Problem
You have a pre-existing Delta table and want to add a new column, '<new-column>'
. When you use the following ALTER TABLE command, the reordering is only adjusted at the metadata level.
ALTER TABLE <table> ALTER COLUMN <new-column> AFTER <existing-column>;
Cause
ALTER TABLE
affects the metadata level only. It does not change the physical layout of the parquet files underneath. Limiting its impact ensure metadata-only changes to the schema, such as renaming or dropping columns, do not incur costly rewrites of the underlying data files.

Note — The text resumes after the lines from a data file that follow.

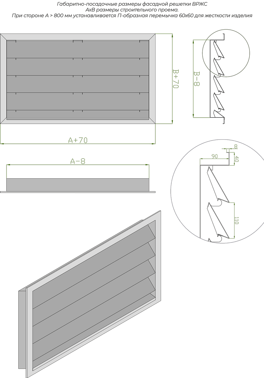 Стандартные размеры решеток ВРЖС варьируются в широком диапазоне, что позволяет подобрать оптимальное решение для конкретных условий монтажа. По специальному заказу возможно изготовление нестандартных размеров с учетом индивидуальных требований заказчика.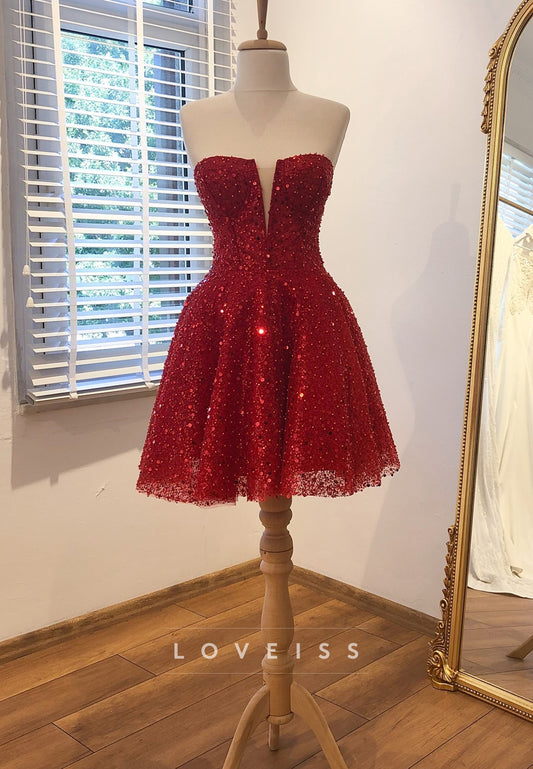 Sweetheart Sequins Beaded Sheath Sparkly Party Homecoming Dress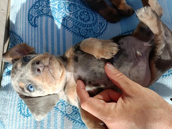message dachshundkaninchenmini about this ad Perro salchicha arlequn azul, criado en un ambiente familiar, padres importados de Hungra. Hojas con desparasitacin a partir de los 15 das de edad, con vacunacin completa, vacuna antirrbica, chip a nombre del nuevo propietario Para ms informacin visita mi pgina de Facebook Tita costa, si ests interesado comuncate al +351913553865. Con los mejores deseos, |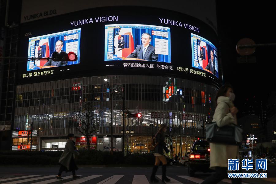 1月7日,在日本東京,戴口罩的行人經(jīng)過一處電子屏幕下方,屏幕上播放日本首相菅義偉宣布部分地區(qū)實行緊急狀態(tài)的新聞。新華社記者 杜瀟逸 攝
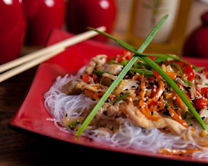 - Funchoza met kip, groenten en sesamzaadjes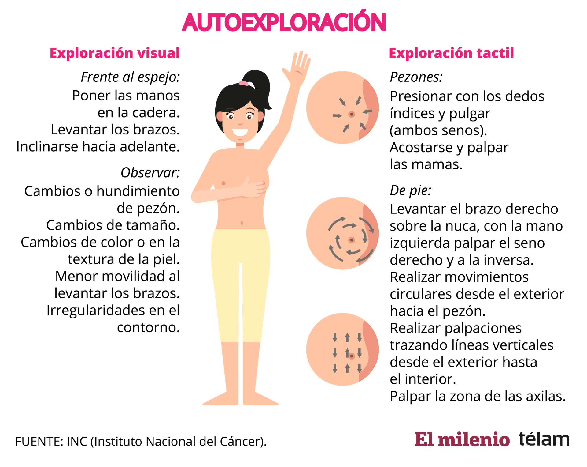 Acerca de la autoexploración, Contos consideró: “Es muy importante que la mujer aprenda a conocerse y de esta manera notar síntomas”. Y en cuanto a los signos más frecuentes, nombró: “engrosamiento y enrojecimiento de la piel, cambio en la forma o tamaño de la mama, inflamación completa o parcial, retracciones en la piel o el pezón, eccema en el pezón y secreción sanguinolenta por el pezón”.
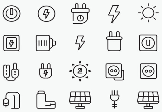 Line style icons of power use planning: kilowatt diary, low-use hour icon, off-peak marker, demand curve chart, week trend line, daily usage cap, high-consumption flag, energy plate icon.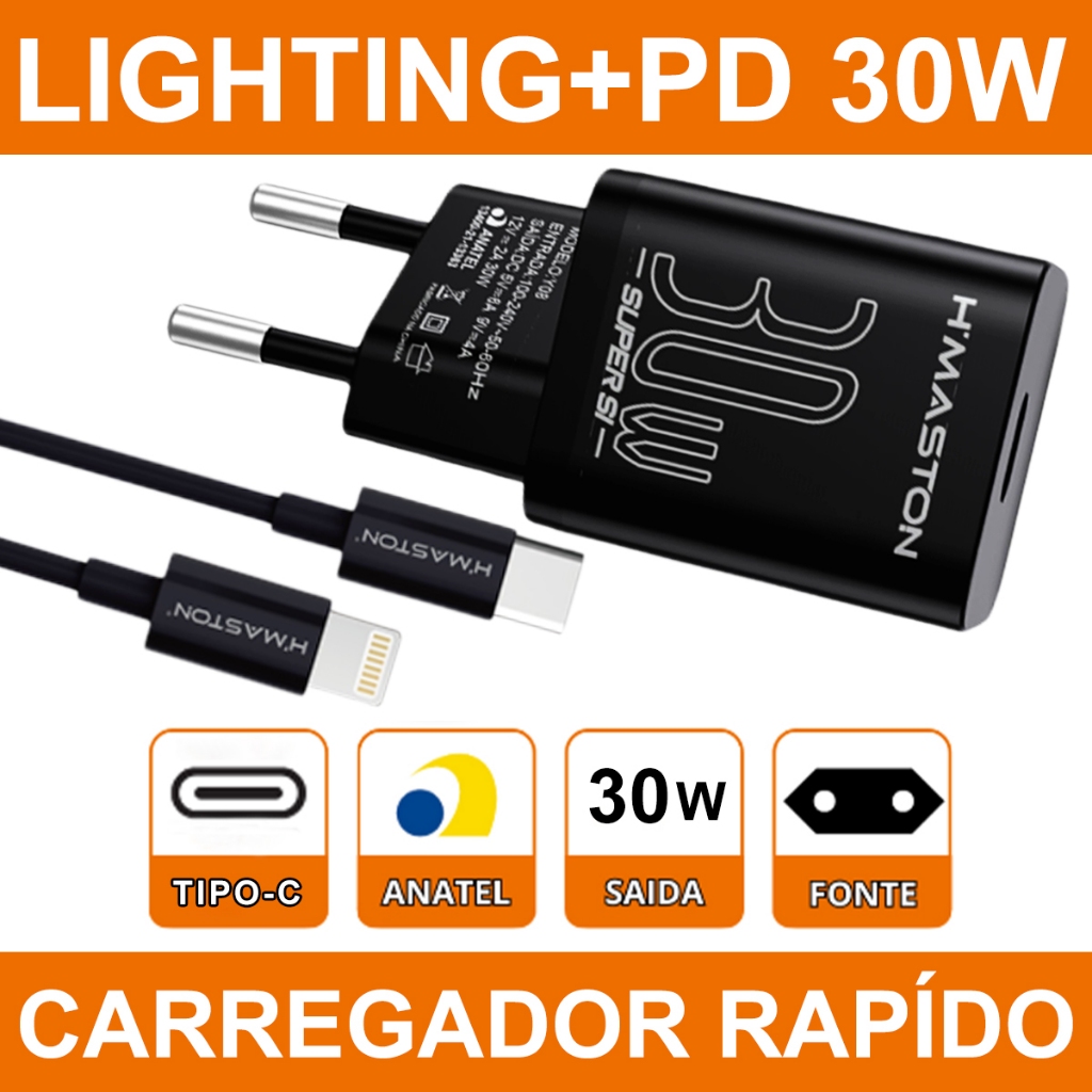 H'maston Y08 TURBO PD 30W QC 3.0 TIPO C Lightning Carregador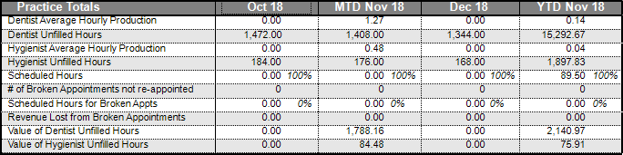 YTD - The Value of Dentist Unfilled Hours since the beginning of the year. The percentage (%) in this box is the Value of Dentist Unfilled Hours since the beginning of the year (fiscal or calendar) divided by the Value of Total Unfilled Hours since the beginning of the year.
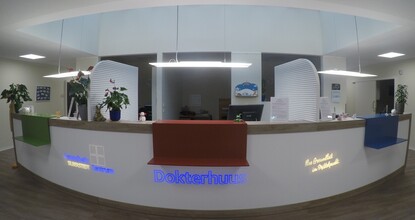 Unsere großzügigen Räume befinden sich im 2018 neugebauten Dokterhuus. Neben unserem kommunalen MVZ befindet sich ebenfalls eine Apotheke und eine physiotherapeutische Praxis im Dokterhuus.

For more information, refer to the Update Delta Lake table schema (AWS | Azure | GCP) documentation.
Solution
To rewrite files with new column order taken into account, use either CREATE OR REPLACE TABLE
or INSERT OVERWRITE TABLE
instead of ALTER TABLE
.
CREATE OR REPLACE TABLE
CREATE OR REPLACE TABLE <table> AS
SELECT <existing-column>, <new-column>, <other-existing-column>, ... -- desired column order
FROM <table>
INSERT OVERWRITE TABLE
INSERT OVERWRITE TABLE <table>
SELECT <existing-column>, <new-column>, <other-existing-column>, ...
FROM <table>